Step 1. Use regular expressions (regexp substitution) to split your input template string to a token list, for example, split
hel<b>lo[if foo]bar is [bar].[else]baz[end]world</b>!
to
write('hel<b>lo')
if('foo')
write('bar is')
substitute('bar')
write('.')
else()
write('baz')
end()
write('world</b>!')
Step 2. Convert your token list to a syntax tree:
* Sequence
** Write
*** ('hel<b>lo')
** If
*** ('foo')
*** Sequence
**** Write
***** ('bar is')
**** Substitute
***** ('bar')
**** Write
***** ('.')
*** Write
**** ('baz')
** Write
*** ('world</b>!')
class Instruction {
}
class Write : Instruction {
string text;
}
class Substitute : Instruction {
string varname;
}
class Sequence : Instruction {
Instruction[] items;
}
class If : Instruction {
string condition;
Instruction then;
Instruction else;
}
Step 3. Write a recursive function (called the interpreter), which can walk your tree and execute the instructions there.
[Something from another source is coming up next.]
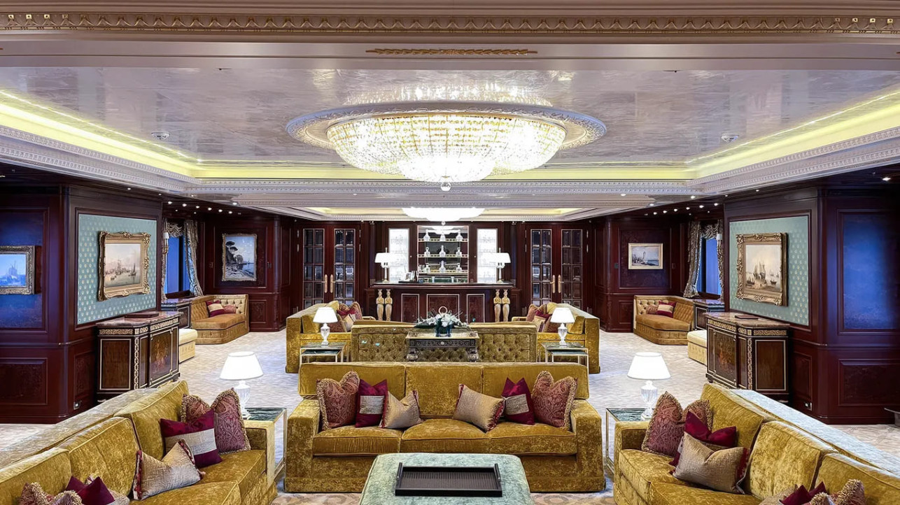 Действительно, если о 70-метровых карбоновых мачтах, парусах общей площадью 2934 кв. м, энергоустановке и заявленной скорости более 20 узлов было известно благодаря информации от голландской верфи Oceanco, где она была спущена на воду в 2018 году, то о внутреннем интерьере ходили лишь слухи, похожие на сказки Шахерезады. И вот, извольте убедиться, в этом сравнении что-то есть, хотя дизайнеры предпочитают говорить о стиле «Людовик XVI». Но тут же на вкус, на цвет…
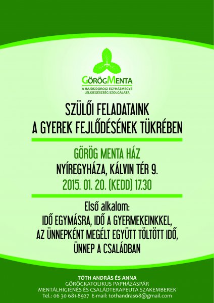 Szülői feladataink a gyerek fejlődésének tükrében címmel indul előadássorozat Nyíregyházán a Menta Házban január 20-tól.

Another, alternative approach (instead of steps 1--3) if your language supports eval() (such as Perl, Python, Ruby): use a regexp substitution to convert the template to an eval()-able string in the host language, and run eval() to instantiate the template.
There are sooo many thing to do. But it does work for on simple GET statement plus a test. That's a start.
http://github.com/claco/tt.net/
In the end, I already had too much time in ANTLR to give loudejs' method a go. I wanted to spend a little more time on the whole process rather than the parser/lexer. Maybe in version 2 I can have a go at the Spark way when my brain understands things a little more.
Vici Parser (formerly known as LazyParser.NET) is an open-source tokenizer/template parser/expression parser which can help you get started.
If it's not what you're looking for, then you may get some ideas by looking at the source code.